The Jewish sages teach that the sounding of these silver trumpets is directly linked to Yom Teruah (the Day of the Shofar or Shouting) in the fall, which is symbolic of the return of Yeshua and the regathering of his people Israel. 

So what do these two silver trumpets represent prophetically? Who is being called? Are those trumpets being sounded now in a spiritual sense and who is responding to the call?

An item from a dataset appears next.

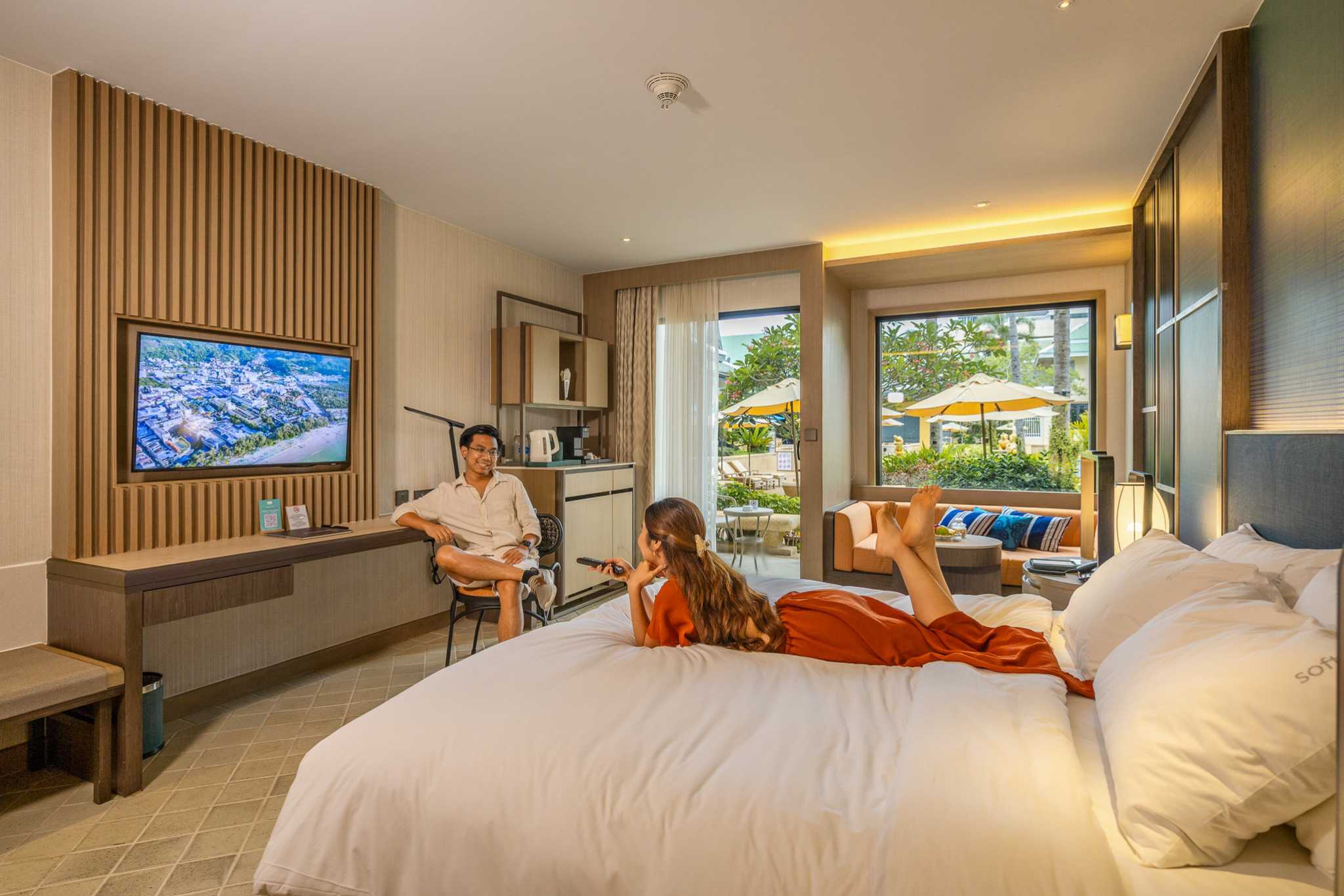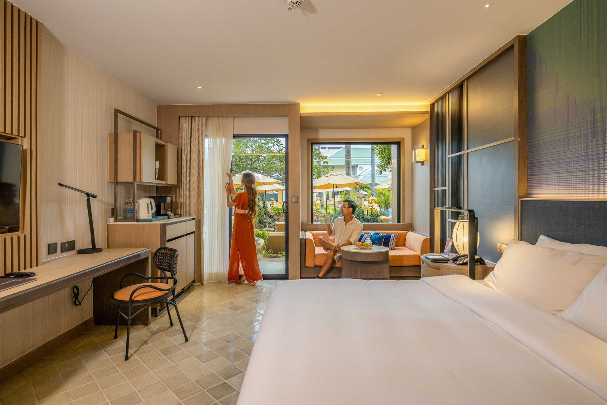 We stayed in the Busakorn Wing – Premium Pool View Ground Floor. The room is stylishly designed with a perfect layout: separate bathroom and shower, a dedicated dressing area (a big plus for the ladies), and a small terrace to enjoy the view. There’s also a cozy sofa corner, crisp cool air-conditioning, and a perfectly firm, comfy bed. Being on the ground floor means you can step right out to the pool—super convenient!

As to the significance of the two silver trumpets, Batya Wootten suggests, in her book, Israel’s Feasts and Their Fullness, that the trumpets spiritually symbolize voices (Rev 1:10; Isa 58:1). She goes on to note that historically there have been two people groups on earth who have been testifying about the goodness of the Elohim of Abraham, Isaac and Jacob. These are the Christians and the Jews—both of whom worship the same Elohim as revealed in the Scriptures. Israel was called to be YHVH’s witnesses on earth (Isa 43:10). YHVH then divided the twelve tribes of Israel into two nations or houses, They were the House of Judah and the House of Ephraim who would be later represented by the Jews and the Christians, respectively. According to Torah, truth must be confirmed in the mouth of two or more witnesses before it can be believed (Num 35:30; Deut 17:6; 19:15; John 8:17; 2 Cor 13:1). Wootten says that these “two witnesses” have not been sounding their voices in unison, but instead have been fighting and denying one another. Yet the Apostle Paul states that there is to be one new man in Messiah Yeshua (Eph 2:15) not two men—a Jewish and a Christian man. These two witnesses have to come together before Yeshua can return to this earth to establish his eternal kingdom here (Acts 1:6–8 cp. Acts 3:21). Wootten notes that the two silver trumpets were hammered out of one piece of silver (Num 10:2). In the Bible, silver symbolizes refinement and redemption. Hammered trumpets tell of the Father molding his people through affliction (Jer 9:7; Dan 11:35; Zec 13:9; Hos 1:10; Mal 3:3, Ibid. pp. 219–228). Before the one new man can become the glorious bride of Yeshua, refinement, repentance and reunification must occur. This is happening now with YHVH’s people and will continue to happen until the return of Yeshua.